Incorporated into this economic book is the assertion that we cannot ignore our consumptive nature which is bleeding this planets natural resources ( our obsession with growth again) and the far reaching consequences this could ultimately have. Can we live in a more fairer society with better stewardship of the resources we have? Raworth thinks so. The actual title of the book is ‘Doughnut Economics – Seven ways to think like a 21st Century Economist’ and this is where her Doughnut Model comes in.

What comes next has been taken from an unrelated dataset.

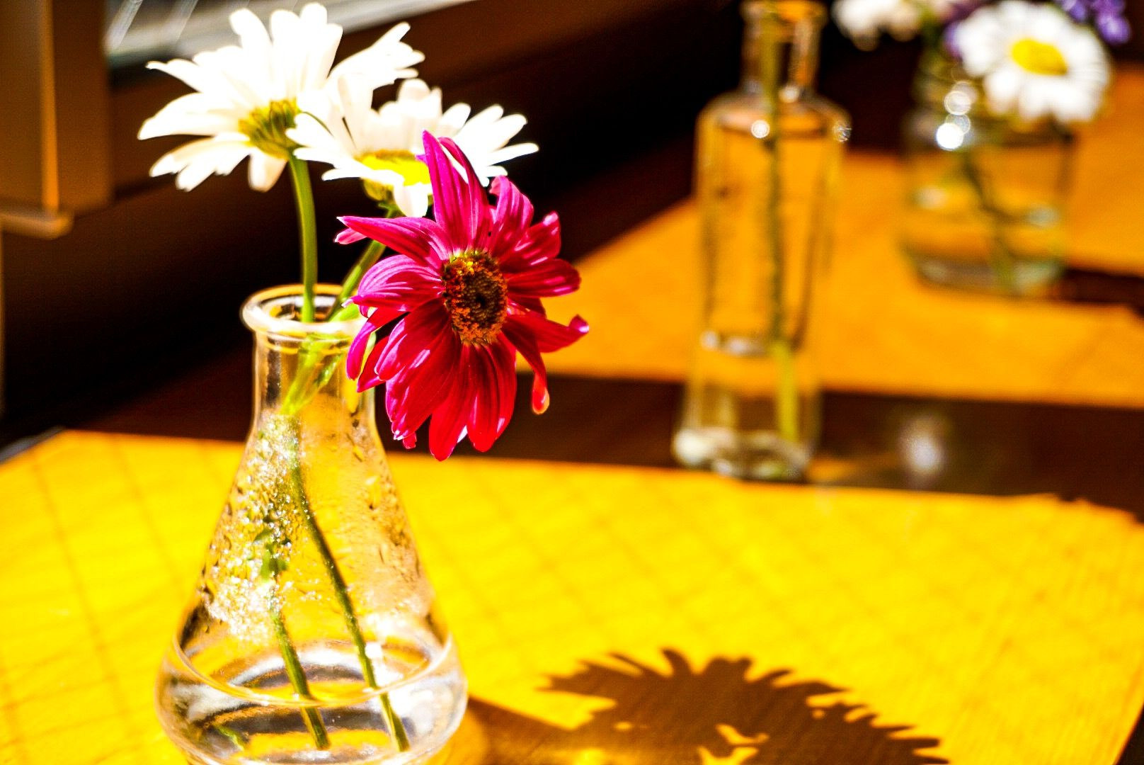 職場の窓際に飾ってあった花が夕陽があたって綺麗だったので、手を休めて1枚撮りました。

In his Guardian review of the book, Author and journalist George Monbiot describes the model:
The diagram consists of two rings. The inner ring of the doughnut represents a sufficiency of the resources we need to lead a good life: food, clean water, housing, sanitation, energy, education, healthcare, democracy. Anyone living within that ring, in the hole in the middle of the doughnut, is in a state of deprivation. The outer ring of the doughnut consists of the Earth’s environmental limits, beyond which we inflict dangerous levels of climate change, ozone depletion, water pollution, loss of species and other assaults on the living world.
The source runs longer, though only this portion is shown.